KP Well, where we were born, at Farrs, we lived there until I was six, all but two days, actually. Well my father had the surgery at my grandfather’s house so in 1909 father built on to the house where my grandfather lived, quite a big house, and we went up there to live and grandfather lived with us until he died. But, as I say, he had his own rooms you see in his own part of the house we had our own rooms. Well my sister still lives there, eighteen rooms there ……. (? unclear text)…….. I need hardly tell you. But people were able to do that in those days and all this building that he built on, there in that picture, only cost £1500 I think. You can’t believe it can you?
1 No, not by today’s standards. Is it generalisation Miss Pim……….. in Beaminster, it would be fair to say that you lived in the upper middle class, yes? In Beaminster. What was it like for other people, for working class people?

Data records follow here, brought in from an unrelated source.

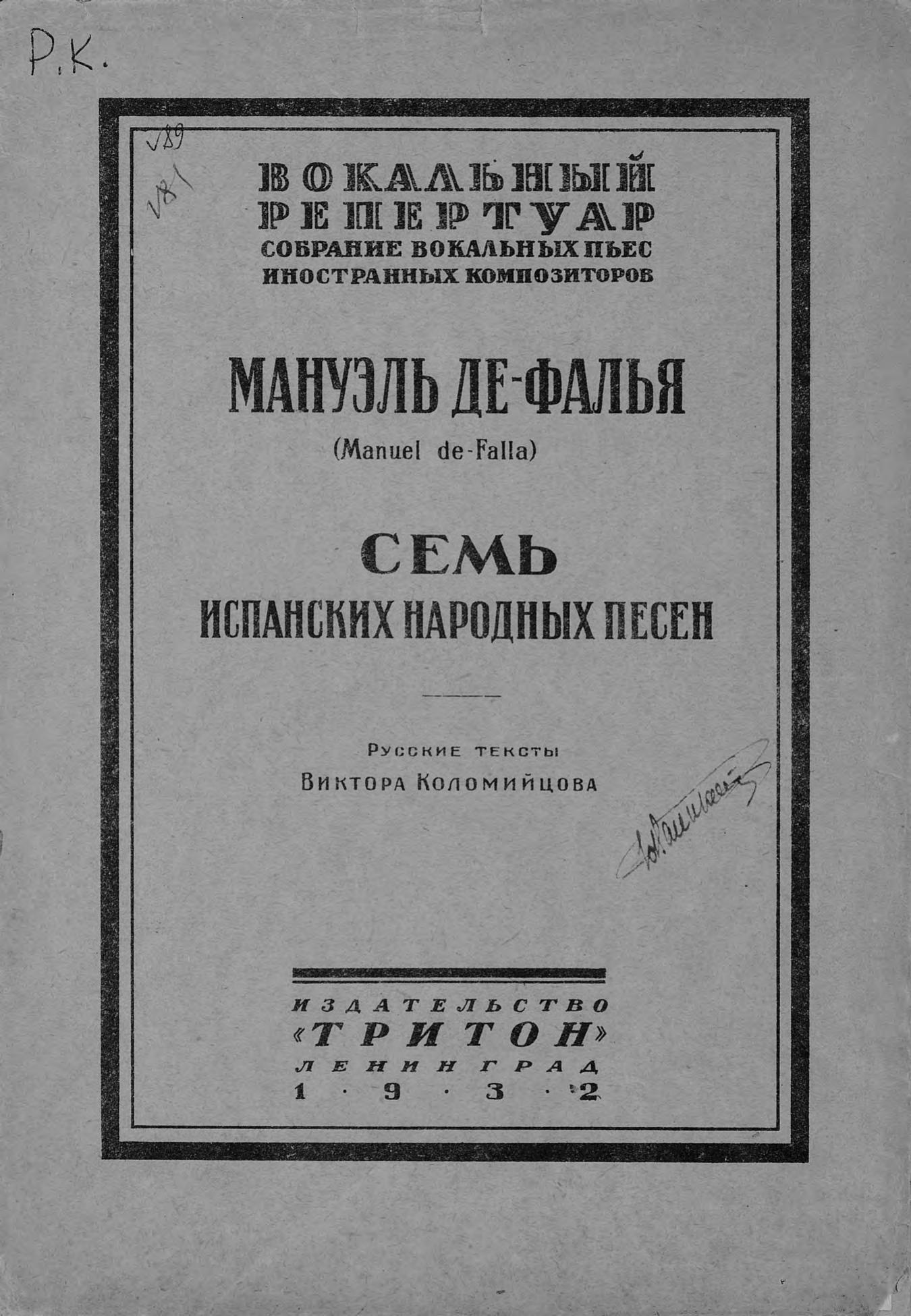 Перешедшие в общественное достояние материалы электронного фонда ЦГПБ им. В.В. Маяковского. Сведения о издательстве или типографии: Тритон. Место издания: Ленинград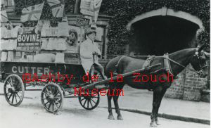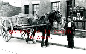 Mr. Broadhurst with Blossom outside Mr. Boss' photography studio at No. 9 Derby Road. Ernest and Hector Smedley, the cart's owners, were builders, contractors and undertakers. Mr. Boss is shown as occupying these premises in the 1908 census. Date of photo is approx 1908.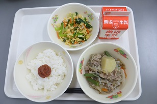 ごはん、肉じゃが、ホロホロ和え、うめぼし、牛乳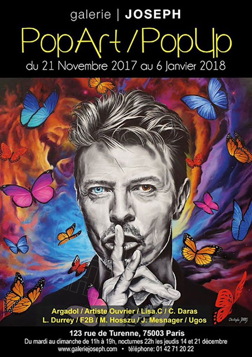 Original poster for the exhibition Pop Art / Pop Up at Galerie Joseph in Paris. The portrait of David Bowie is illustrated by the artist Peintre Christophe Daras for the official poster. The artists exhibited are Argadol / Worker Artist /Lisa. C/ Christophe Daras / L. Durrey / F2B / M. Hosszu / J. M ... (Full description below)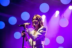 In May 2019, it was announced that Stoessel had joined the reality talent show Pequeños Gigantes Argentina as a judge.[73] The collaboration between Stoessel and Greeicy titled "22" was released on 3 May 2019 as the first single from Stoessel's third album.[74] The song peaked at number eight on Argentina Hot 100 and became Stoessel's first top-ten single on the chart.[75][76] On 14 June 2019, Stoessel was featured on "Sad Song", a collaboration with Swedish DJ Alesso.[77] On 26 July 2019, Stoessel released "Suéltate el Pelo" as the second single from her third album, as well as part of promotion for Pantene.[78] On 6 September 2019, Stoessel released "Fresa", a collaboration with Colombian singer Lalo Ebratt, as the third single from her third album.[79] The song peaked at number three on Argentina Hot 100, becoming Stoessel's first top-five single on the chart.[80][81][82] On 11 October 2019, Stoessel released "Oye", a duet with Sebastián Yatra, as the fourth single from her third album.[83] The song debuted at number three on Argentina Hot 100, becoming Stoessel's second top-five single on the chart in a row.[81] The single became the third song in the history of the chart to achieve a debut at No. 3, and made Stoessel the only female to debut two songs in the top-5 on the AR Hot chart. On 10 January 2020, Stoessel released "Recuerdo", a collaboration with Venezuelan duo Mau y Ricky, as the fifth single from her third album.[84]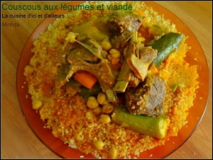 J’ai le plaisir de partager avec vous le savoureux couscous algérien aux légumes et viande qui est la recette traditionnelle en Algérie mais aussi dans tout le maghreb. Il existe plusieurs façons de le faire mais celle que je vous propose c’est ma maman qui me l’a transmise. Elle a toujours fait ainsi et a toujours eu un grand succès auprès de la famille et invités. Le couscous est à base de légumes (carottes, courgettes, navets et pommes de terre mais vous pouvez sélectionner d’autres légumes que vous appréciez) et de bons morceaux de viande tendre en bouche. Pour faire le couscous, ce n’est pas vraiment compliqué à faire mais pour un meilleur résultat, je vous conseille de faire 2 cuissons à la vapeur du couscous. En tout cas, je vous laisse le soin de tester par vous-même et de me dire comment vous l’avez trouvé. Voilà un plat sain et complet à partager avec tout le monde.

KP Well see, we didn’t know….. although now I know quite a lot……….. well I think they were very poor. Now then, they used to have District Visitors in those days and they divided the town – this was to do with the church you see – they divided the town into districts and mother had, well at one time she had North Street and then she had The Green and they used to go round every week collecting very little money – people paid into a Clothing Club, a Sunday School Club I think and a Coal Club. And then my mother, herself, had just a private club for these – this is working class people you see – and these people paid in and all it was was a method of saving in my mother’s private club. She took the money for them and then, at Christmas, she’d give it back to them but no interest or anything. It was simply a means of saving. Well then the Clothing Club, the Sunday School club and the Coal Club they paid into that and they did get a little interest on that and then at the end of the year they would get, I think I’m right in saying, either the money or something in kind. But they did get a bit of advantage out of that but mother’s private club they didn’t.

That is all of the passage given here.